(8x⁴ + 5x³ + 4x² - x + 7)/(x + 1)

For this problem, where the leading coefficient of the divisor is 1, plain 'ol long division will suffice here. 

           _____________________ 
 x + 1  |8x⁴ + 5x³ + 4x² - x + 7

So x + 1 goes into the dividend how many times? Ask yourself, what do I need to multiply x by in order to get back an 8x⁴?  8x³. So multiply 8x³ by the divisor like you would in regular long division, except when you're finished change the signs of those two terms (to account for the fact that we are really doing a subtraction) and sum together.

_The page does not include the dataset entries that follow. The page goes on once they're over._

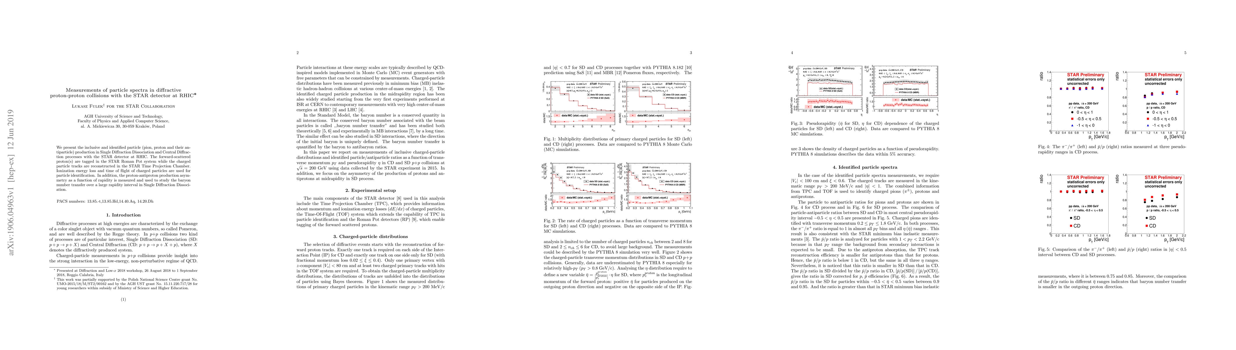 We present the inclusive and identified particle (pion, proton and their antiparticle) production in Single Diffraction Dissociation and Central Diffraction processes with the STAR detector at RHIC. The forward-scattered proton(s) are tagged in the STAR Roman Pot system while the charged particle tracks are reconstructed in the STAR Time Projection Chamber. Ionization energy loss and time of flight of charged particles are used for particle identification. In addition, the proton-antiproton production asymmetry as a function of rapidity is measured and used to study the baryon number transfer over a large rapidity interval in Single Diffraction Dissociation.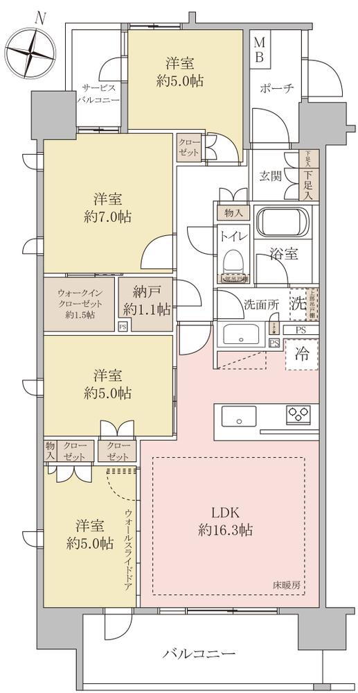 | 床暖房 | ○ | ウォークインクローゼット | ○ | 管理人常駐 | - |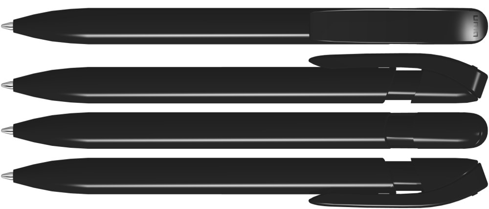 Druckkugelschreiber mit gedeckt glänzendem Gehäuse in uni weiß oder schwarz und farbig transparent glänzende Manschette.
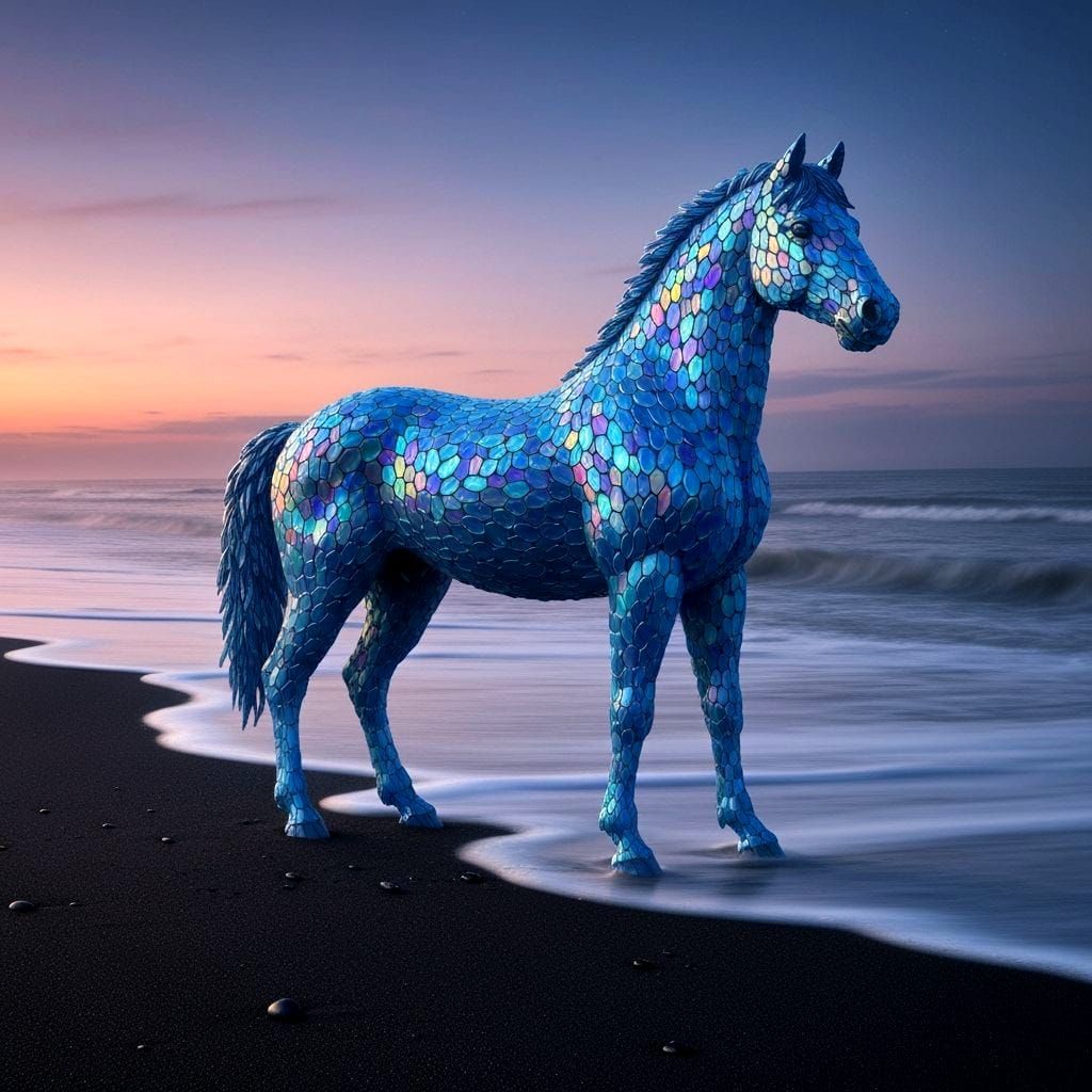 A captivating image of a stallion sculpture crafted from iridescent blue sea glass on a black sand beach. The sculpture catches the sunset, casting a spectral glow as waves create an ethereal mist in a surreal landscape.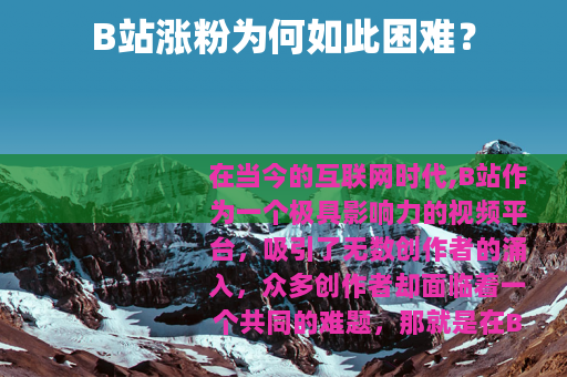 在当今的互联网时代,B站作为一个极具影响力的视频平台,吸引了无数创作者的涌入,众多创作者却面临着一个共同的难题,那就是在B站很难涨粉。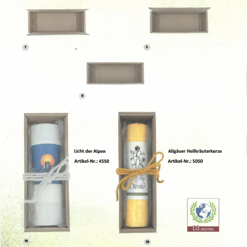 Die Geschenkbox für die Duftkerzen Licht der Alpen, VE-5 ist aus Wellkarton und hat die perfekte Grösse für Licht der Alpen Kerze. Die Geschenkkartons kommen als Verkaufseinheit von 5 Stück und müssen noch zusammengefaltet werden. Es liegt eine Faltanleitung bei.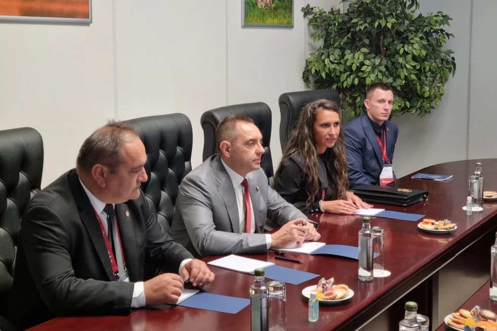 Ministar unutrašnjih poslova Aleksandar Vulin sastao se danas u parku Patriot kod Moskve sa direktorom Federalne službe za vojno-tehničku saradnju generalom armije Dmitrijem Šugajevim.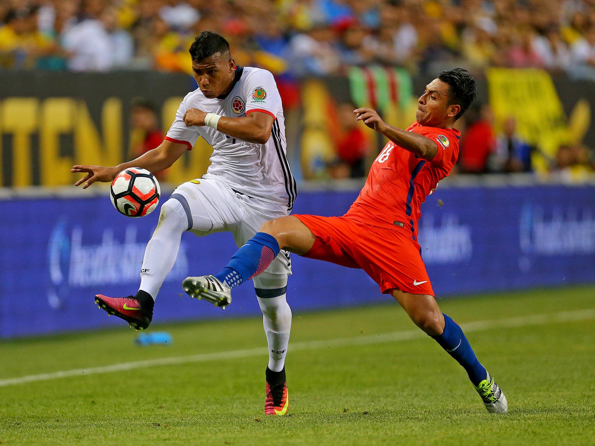 09' | Santiago Arias evita el segundo gol para Chile. Cuadrado intenta un remate a la portería chilena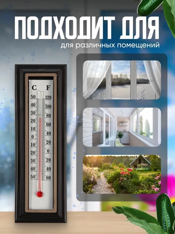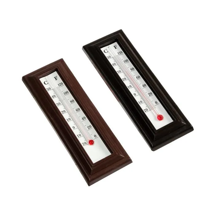 Термометр предназначен для определения температуры воздуха в помещении. Прибор отображает температуру по шкале Цельсия и по Фаренгейту. Жидкость в столбике представляет собой подкрашенный спирт, что делает изделие безопасным в быту. Классический дизайн термометра «под дерево» гармонично впишется практически в любой интерьер.

         ______8x³___________
x + 1 |8x⁴ + 5x³ + 4x² - x + 7
      (-)8x⁴ (-) 8x³
           0x⁴ - 3x³ + 4x²

Bring down the 4x² term and repeat. What do I need to multiply x by in order to get negative 3x³? -3x². Multiply by the divisor and change the signs (again, shown in parentheses) and sum.

         ______8x³ - 3x²_+ 7x_- 8
x + 1 |8x⁴ + 5x³ + 4x² - x + 7
      (-)8x⁴ (-)8x³
          0x⁴ - 3x³ + 4x²
              (+)3x³ (+)3x²
                  0x³  + 7x²  - x
                         (-)7x² (-)7x
                           0x² - 8x + 7
                               (+)8x (+)8
                                     0x + 15

This gives a remainder of 15, and like regular long division, can be written over the divisor as 15 / (x + 1)

So the answer is 8x³ - 3x² + 7x - 8 + (15/(x+1))